We hypothesized that turtles who exhibited higher levels of boldness would also exhibit higher rates of movement because frequent relocation would be needed to track shifting patches of sunlight and because movement could constitute a risky behavior and, thus, ought to be correlated with boldness. Moreover, boldness and general activity levels are often correlated in other animals, forming a behavioral syndrome (Wilson and Godin 2009), and larger home ranges have been previously documented in bolder individuals of other species (e.g., Spiegel et al. 2017). This hypothesis was not supported by our data. This may indicate that movement behavior is unrelated to boldness, or bold turtles could actually be more active and mobile but restrict these movements to similar home range areas as shy turtles. However, our ability to draw conclusions from these data is limited by how we quantified the movements of the turtles. By measuring the linear distance between consecutive coordinates collected several days apart, we failed to account for any non-linear movements, which can lead to dramatically underestimated path lengths (Rowcliffe et al. 2012).
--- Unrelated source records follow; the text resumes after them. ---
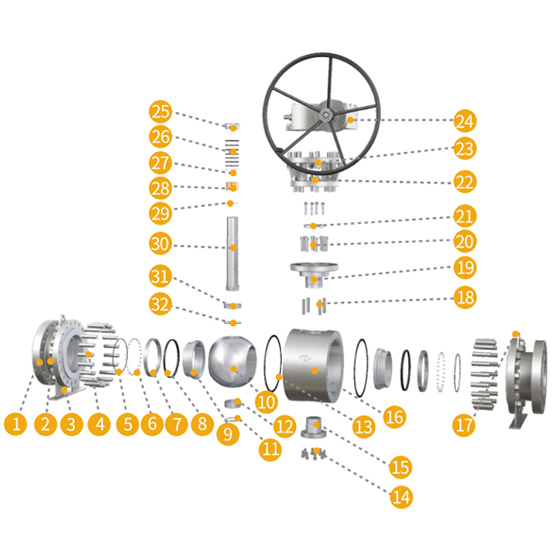 1. 阀体 2. 六角螺母 3. 支脚 4. 螺柱 5. 防尘圈 6. 圆柱弹簧 7. 阀座密封圈 8. 防尘圈 9.阀座 10. 球体 11. 缠绕垫 12. 下轴套 13. 缠绕垫 14. 螺钉 15. 底轴 16. 阀体 17. 吊耳 18. 圆柱销 19. 填料函 20. 螺钉 21. 填料压板 22. 螺柱/螺母 23. 支架 24. 蜗轮箱 25. 填料压套 26. 填料 27. 填料垫 28. 上轴套 29. 缠绕垫 30. 阀杆 31. 球体轴套 32. 防尘圈
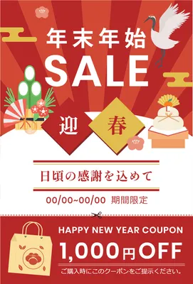 無料チラシテンプレート - 年末年始の告知向けチラシデザインASOBOAD。
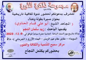 وذلك مساء يوم الثلاثاء في 12 كانون الول الحالي، الساعة 7 ، عبر برنامج واتس. في منصة حرمون.
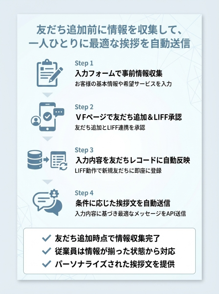 友だち追加前から顧客情報を取得し、最適な挨拶を自動送信する運用が可能になります。
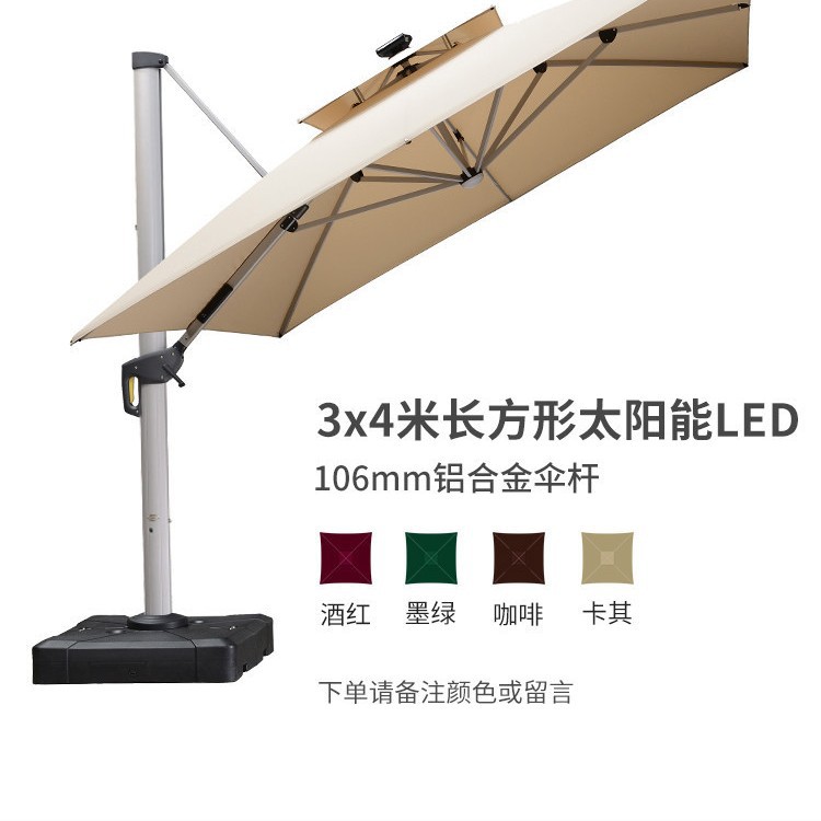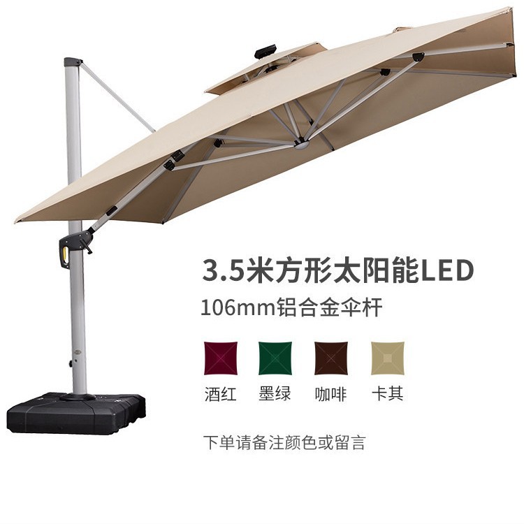 • [럭셔리 모델] 3.5m 스퀘어 카키 [95mm 티크 컬러 알루미늄 폴, 210kg개의 바퀴 달린 물 및 모래 충전 베이스]

Future efforts to evaluate the relationship between personality and movement behavior should employ either more frequent relocations of turtles by telemetry or GPS loggers to record positional data at regular intervals (Hebblewhite and Haydon 2010).
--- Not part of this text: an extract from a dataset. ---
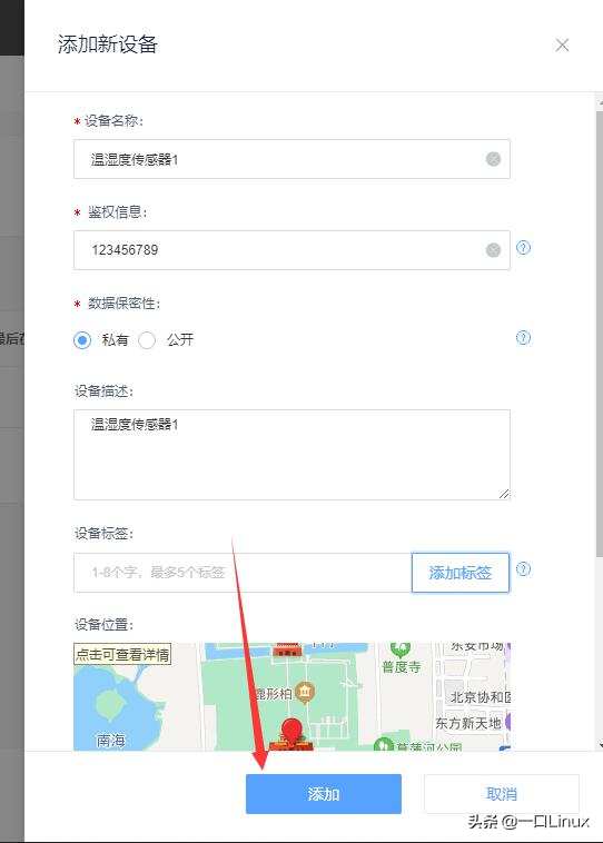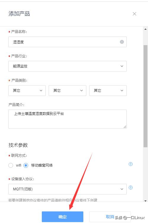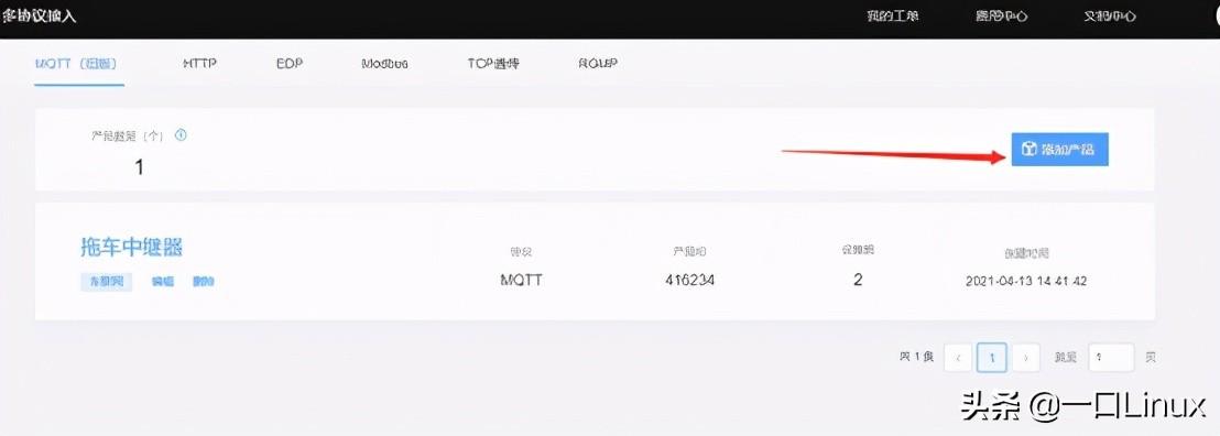 如上图,点击添加产品,onenet平台MQTT协议框架下分为产品ID和设备ID,可以建立多个不同的产品,每个产品拥有不同的设备,设备以ID号进行区分。

Personality in terrestrial ectotherms, namely non-avian reptiles and adult amphibians, has not been examined as extensively as it has in other vertebrates (but see: Brodie and Russell 1999; López et al. 2005; Stapley 2006; Cooper 2009; Carter et al. 2010, 2016; Mafli et al. 2011; Wilson and Krause 2012; Citadini and Navas 2013; González-Bernal et al. 2014; Kuo et al. 2015; Stahlschmidt et al. 2016; Riley et al. 2017; Šimková et al. 2017; Siviter et al. 2017). Our study adds to the nascent understanding of behavioral differences in this group of animals. Specifically, we suggest that the emergence behavior of box turtles in response to the stress-inducing experience of human handling and confinement is highly variable among individuals and stable within individuals, and such variation in boldness could be maintained by a trade-off between thermoregulation and predation risk. The concept of a trade-off between growth and mortality is well-established as a potential contributor to the persistence of interindividual variation in boldness, but this present study demonstrates how this trade-off may be uniquely manifested in terrestrial ectotherms faced with a thermally challenging environment. Continued work in reptiles and amphibians may reveal whether this is a general pattern within these taxa and thus expand our understanding of the evolution of animal personality.